TASK |
Given the records below, pull every line with the word "underground" into the answer.

GIVEN RECORDS |
******
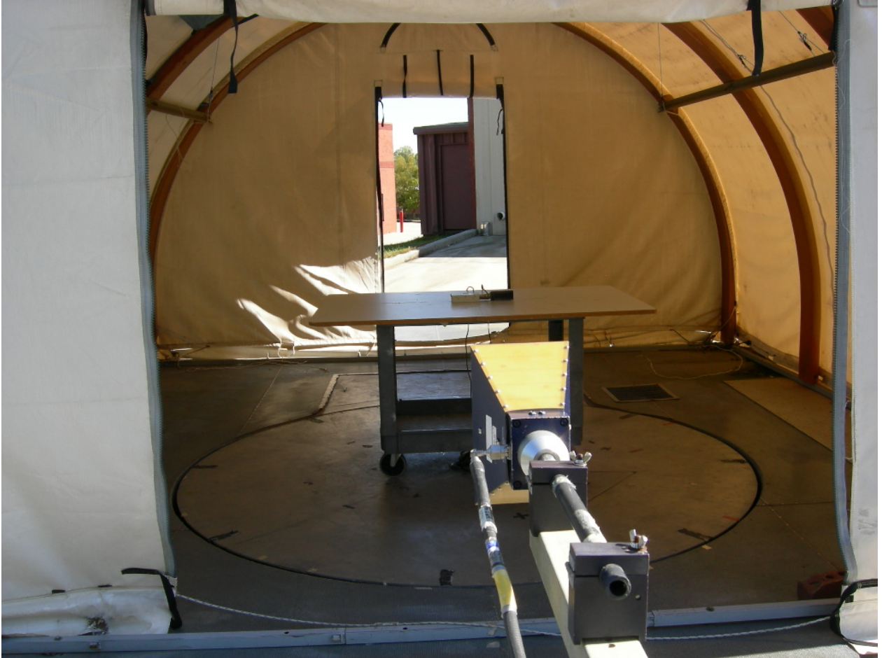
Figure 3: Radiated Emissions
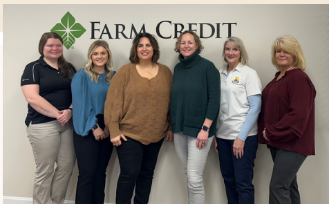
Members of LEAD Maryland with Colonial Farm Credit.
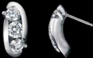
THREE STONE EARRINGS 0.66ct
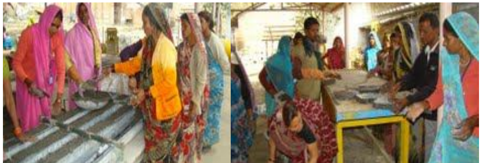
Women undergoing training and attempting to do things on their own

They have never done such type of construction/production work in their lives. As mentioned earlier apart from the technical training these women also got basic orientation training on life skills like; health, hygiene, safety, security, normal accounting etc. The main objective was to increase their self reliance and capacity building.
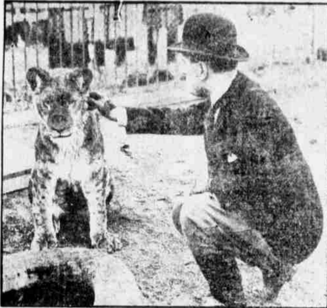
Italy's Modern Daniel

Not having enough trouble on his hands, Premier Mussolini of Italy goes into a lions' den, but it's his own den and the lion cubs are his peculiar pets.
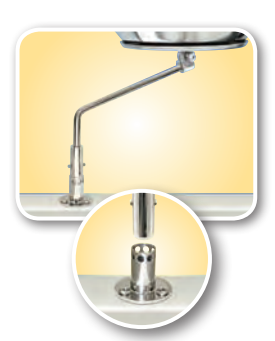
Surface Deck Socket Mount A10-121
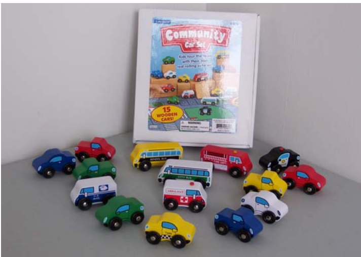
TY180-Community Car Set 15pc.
******
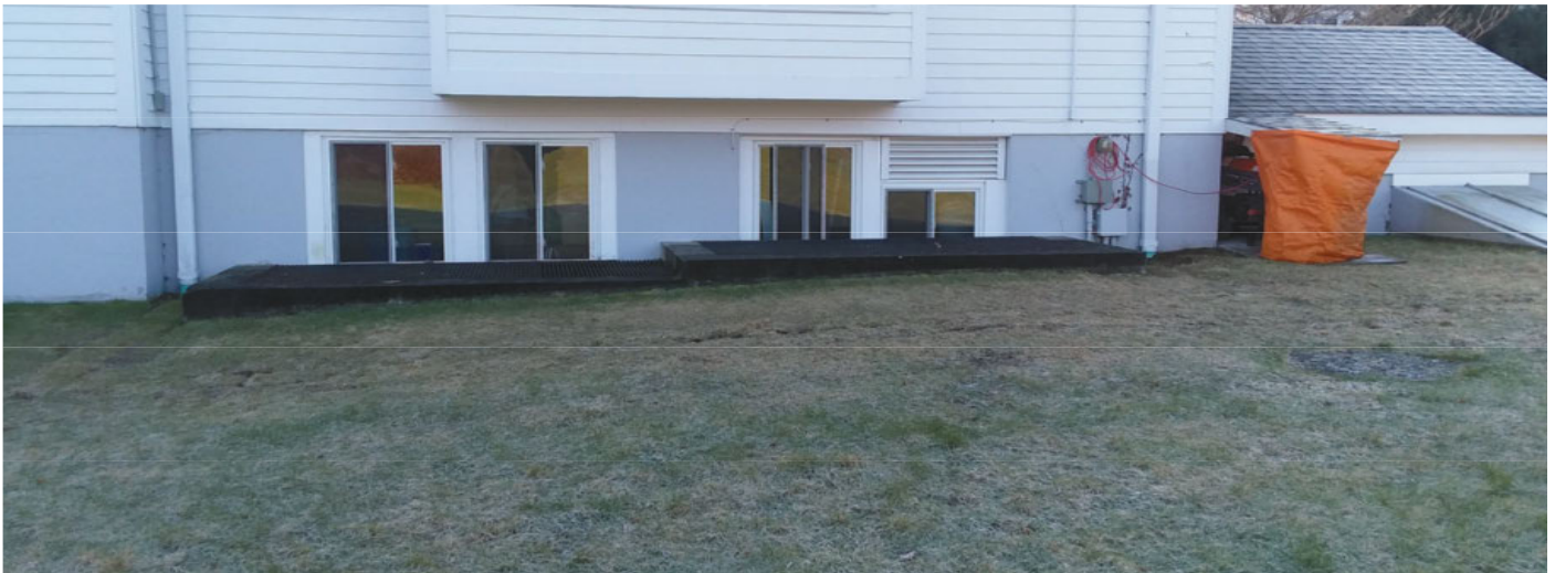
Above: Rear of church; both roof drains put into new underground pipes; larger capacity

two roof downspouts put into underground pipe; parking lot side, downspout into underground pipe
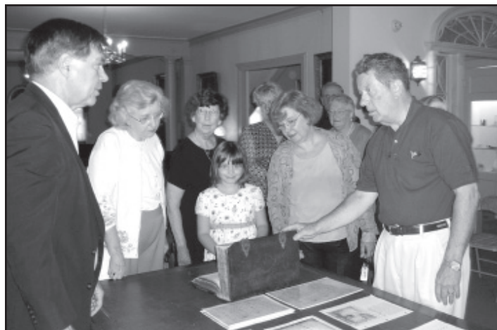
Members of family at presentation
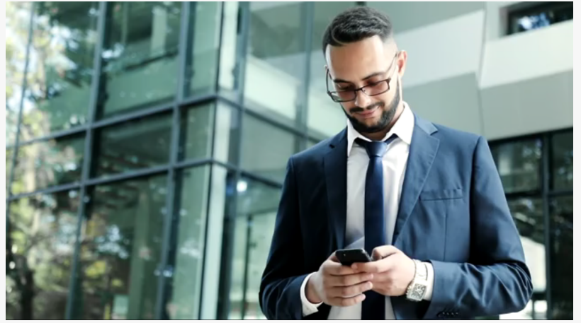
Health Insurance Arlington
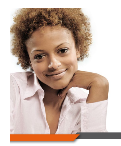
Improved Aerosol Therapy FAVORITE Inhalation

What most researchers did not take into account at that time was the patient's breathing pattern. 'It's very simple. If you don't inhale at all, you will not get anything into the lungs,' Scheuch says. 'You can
******
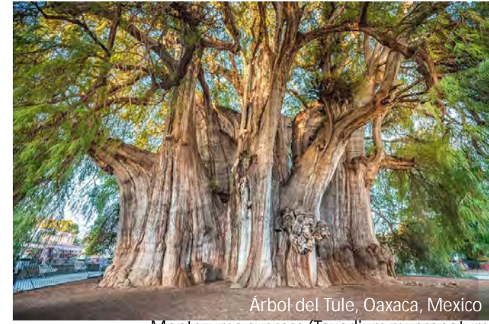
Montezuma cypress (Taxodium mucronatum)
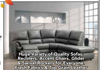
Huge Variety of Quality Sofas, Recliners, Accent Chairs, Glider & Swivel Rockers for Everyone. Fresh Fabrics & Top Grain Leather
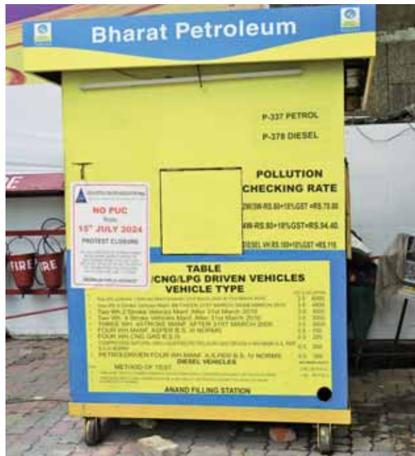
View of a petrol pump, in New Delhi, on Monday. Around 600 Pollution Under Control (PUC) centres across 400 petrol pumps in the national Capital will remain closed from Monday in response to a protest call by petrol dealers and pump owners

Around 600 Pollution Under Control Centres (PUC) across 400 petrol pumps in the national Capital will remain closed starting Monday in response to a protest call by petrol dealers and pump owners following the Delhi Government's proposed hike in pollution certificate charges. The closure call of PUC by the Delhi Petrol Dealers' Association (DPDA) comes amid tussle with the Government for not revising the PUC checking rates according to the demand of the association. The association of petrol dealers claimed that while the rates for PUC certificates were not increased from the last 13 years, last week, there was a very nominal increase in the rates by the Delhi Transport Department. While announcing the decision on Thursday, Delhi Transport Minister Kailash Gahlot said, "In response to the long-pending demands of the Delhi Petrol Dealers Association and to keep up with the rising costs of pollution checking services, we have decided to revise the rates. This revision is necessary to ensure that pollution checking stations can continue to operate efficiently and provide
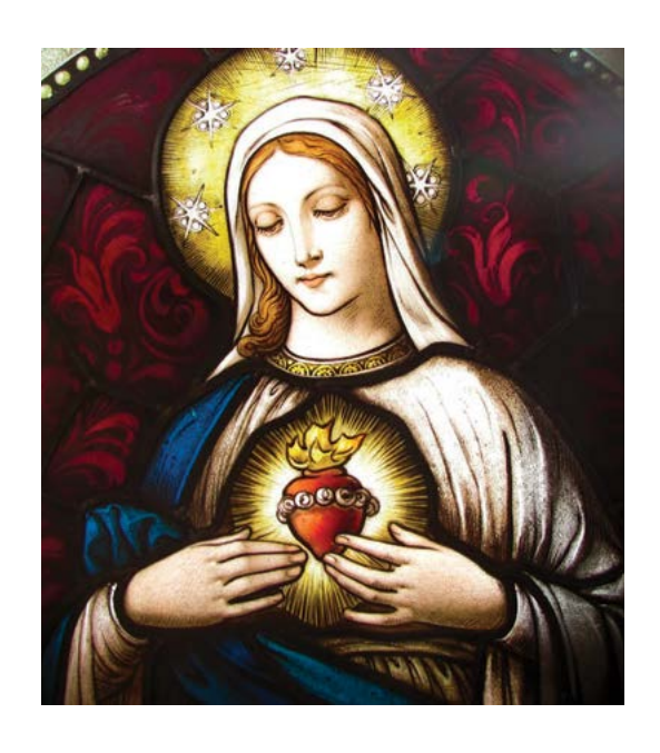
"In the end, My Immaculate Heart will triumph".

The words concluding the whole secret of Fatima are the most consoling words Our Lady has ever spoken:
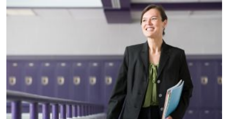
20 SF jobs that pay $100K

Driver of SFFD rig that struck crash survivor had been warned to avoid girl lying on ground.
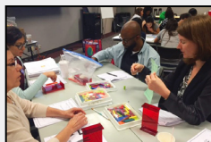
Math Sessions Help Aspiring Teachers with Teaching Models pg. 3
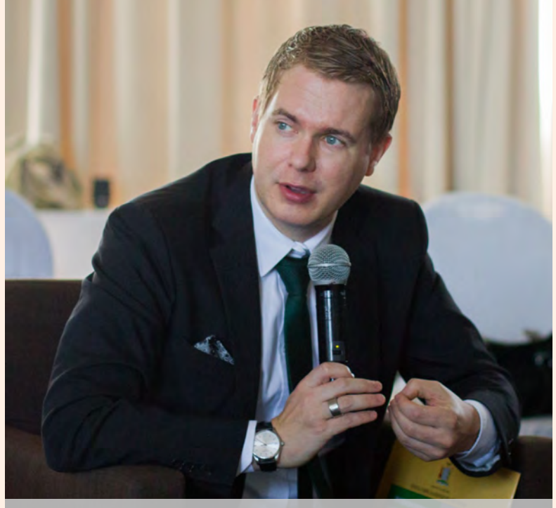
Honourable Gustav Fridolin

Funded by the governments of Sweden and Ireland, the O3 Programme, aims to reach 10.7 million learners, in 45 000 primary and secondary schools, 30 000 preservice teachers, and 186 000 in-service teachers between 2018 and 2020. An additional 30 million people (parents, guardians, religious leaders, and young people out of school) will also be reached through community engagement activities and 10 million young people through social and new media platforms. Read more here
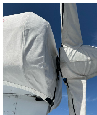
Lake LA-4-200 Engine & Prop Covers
******
RESPONSE TO THIS EXERCISE |
Above: Rear of church; both roof drains put into new underground pipes; larger capacity
two roof downspouts put into underground pipe; parking lot side, downspout into underground pipe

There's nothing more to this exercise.